The boys talked a little longer about the fun things they could do around the lake, but it didn’t take long before they were both asleep. Then Andy heard the most terrible sound. If he hadn’t grabbed hold of the post, he would have fallen to the floor from his top bunk. At the same time he heard a second sound, much like the first.

“C. J., did you hear that?”

“Of course I did. It’s just our alarms doing what we told them to.”

“Morning already. Ugh. I’m not ready for this.”

“Be quiet. Want your parents to hear us?”

Together they sat on the bottom bunk to put on their shoes. Andy found his jacket in the corner. He slipped it on, then crept over to the door. The latch made a loud sound when he turned the knob, but that was nothing compared to the creaking made by the old metal hinges.

“We’re gonna get caught for sure,” C. J. whispered.


It seemed like every board in the floor was just waiting for someone to step on it because when the boys did, each one made a different noise. Almost like, “Ouch! Hey! Get off me! Who do you think you’re walking on?”

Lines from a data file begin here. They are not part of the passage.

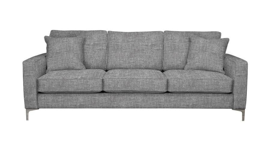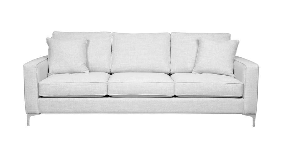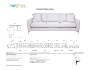 Available as a sofa, loveseat, chair, chair and a half, and sectional, the Apollo Collection pieces are made in Canada using only top quality materials, Van Gogh Designs' upholstered furniture is built to last. The Apollo's narrow arms and sleek legs are perfect for customers wanting to mege modern form and comfort. This style offers sleek metal legs that will dress up any space and cushions with excellent back support.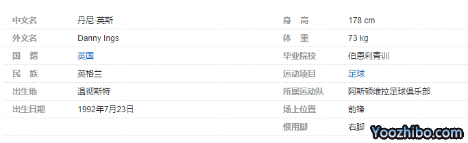 丹尼·英斯(Danny Ings),1992年7月23日出生于英格兰温彻斯特,英格兰足球运动员,场上司职前锋,现效力于英超的阿斯顿维拉足球俱乐部。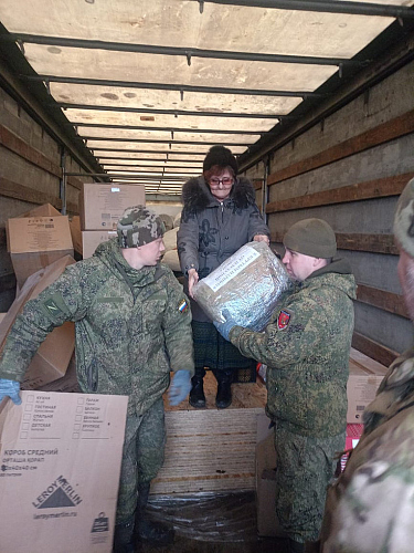 27 декабря состоялись 3 выгрузки гуманитарной помощи. Первую партию гуманитарной помощи отдали о. Александру в Покровском Троицкого района: облачение, свечи, подсвечники. Вторую партию передали танкистам из 1-й танковой армии, которая находится на Купянском участке фронта. Далее волонтеры поехали в Нижние Одуванки, где находится мед-пункт полка 352.

Finally the cousins made it to the front door. It had locks on it, but up here, most people didn’t bother. Andy opened it easily, and out they slipped. The air was cold, even colder than at their last campsite. The sky seemed darker than usual. Andy looked up and noticed there were no stars, and the moon was missing. Then he felt the most wonderful thing of all.

“Was that a raindrop?” he asked.

“I think I felt one too.” Rain continued to fall as Andy began jumping up and down. “It’s raining. It’s raining!”

“Do you have to be so loud?”

“But, don’t you know what this means?”

“Yeah. It means it’s raining.”

“And when it rains, we can’t go…”


A feeling of excitement rushed through Andy as the two boys started jumping around. They would have kept on jumping except for what they heard. It was that sound. The same one from the night before.

“Let’s run to the lake,” C. J. called. When they got there the boys could hardly breathe, and when they did, their breath made it look like they were standing outside back home in January.

Andy and C. J. turned to look in the direction of Rocky Point just in time to see the two mysterious sets of lights moving slowly in the water. The low rumble became a loud roar as both planes went to full power. Slowly they began to pick up speed, skimming along the water like champion skiers. If it hadn’t been for their lights, the boys would have only heard the noise and seen nothing. In only minutes the mysterious planes appeared to lift off from the surface of the water and bank into the dark morning sky. Then they were gone.

We gotta get over to that place and find out what’s going on, Andy thought.